The International Panel of Experts on Sustainable Food Systems (IPES-Food) recently released a special report on the war against Ukraine. It finds that the war has resulted in a third global food price spike in 15 years. The report outlines the crisis’ structural causes and recommends solutions that will make the food system more resilient in the future.
Using modeling by the U.N. Food and Agriculture Organization (FAO), authors of the IPES-Food report believe it is increasingly likely that an additional 13.1 million people around the world will face undernourishment. This includes 6.4 million in the Asia-Pacific region and 5.1 million in Sub-Saharan Africa.
In recent weeks, global food prices have reached historic highs since the FAO first began recording them. And the FAO reports that prices are 34 percent higher than this time last year.

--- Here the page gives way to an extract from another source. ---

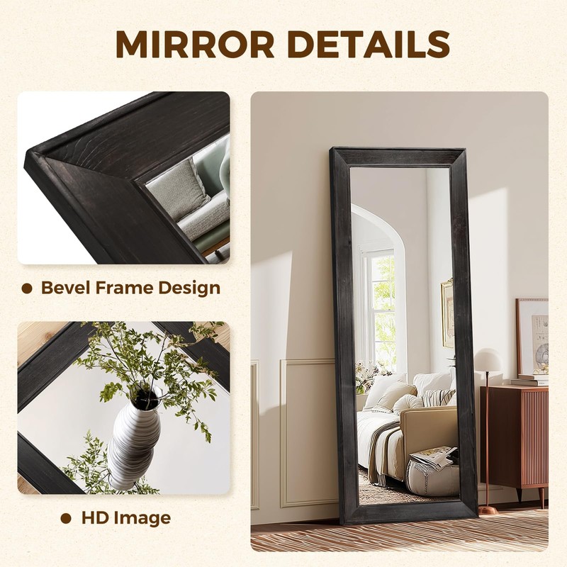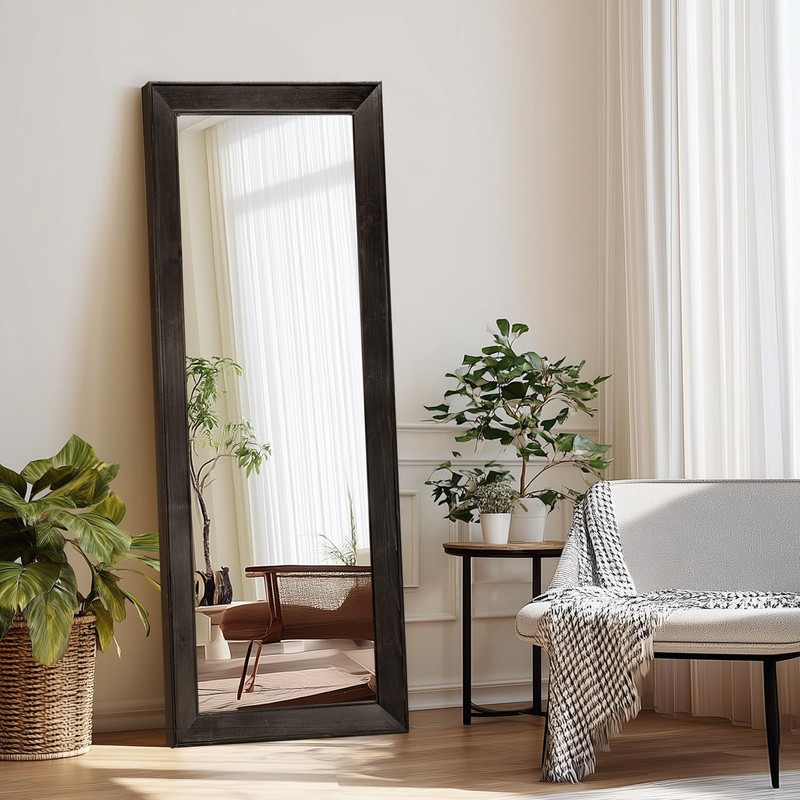- Solid Wood Frame Durability: Crafted from premium solid wood, this full length mirror features a clean rectangular shape that ensures structural stability and timeless appeal. The wood grain offers warmth and natural beauty to modern or rustic interiors

The IPES-Food report argues that “a number of underlying rigidities, weaknesses, and flaws in global food systems are amplifying the effects of the Ukraine conflict on food security.”
“Although the war in Ukraine has created major supply disruptions, and the situation is still deteriorating, there is not a global food shortage at the present time,” Nick Jacobs, Director of IPES-Food and a co-author on the report, tells Food Tank. “The real problem is that most of the world’s grain reserves are in the hands of big corporations, and they have little interest in disclosing those stocks or releasing them while prices are still rising.”
Jacobs goes on to say that “uncertainty allows financial speculators to bet on food commodities, driving up real-world prices even further, and leaving low-income countries unable to afford to import the staple foods on which their populations depend.”
In response to rising import costs, countries are calling on their farmers to shift production patterns to focus on products that can be consumed locally. But systemic obstacles make this shift challenging for many farmers.
The preferences of commodity buyers and investors often determine production patterns. Reliance on synthetic fertilizers also restricts farmers to their current production systems.
Following the 2007-2008 global food price crisis when wheat and rice prices nearly doubled, Jacobs explains that countries have taken some steps to build resilience to shocks, including rebuilding grain reserves. But, he argues, nothing has gone far enough. “As a result, we’ve sleepwalked into a repeat of the last food price crisis.”
The report provides several recommendations to prevent the worst of the current crisis and build resilience. Jacobs tells Food Tank that “our key message here is that we don’t need to trade off short-term needs and long-term imperatives.”
The authors call for supporting net food importing countries, including through debt relief programs, diversifying food production, restructuring trade flows, cracking down on commodity speculation and forcing grain traders to disclose stocks. They also recommend accelerating the development of regional grain reserves and reducing farmers’ reliance on fertilizers. These actions, the authors argue, will make the global food system more resilient and able to avoid future food price crises.
“It’s becoming clear that this isn’t a one-off shock,” Jacobs tells Food Tank. With progress on addressing global hunger grinding to a halt over the last six to seven years and the going into reverse due to the COVID-19 pandemic, Jacobs warns that “What we’re seeing now is an acceleration of that trend. Even when this conflict ends, the same underlying fragilities will be there, including vulnerability to climate shocks.”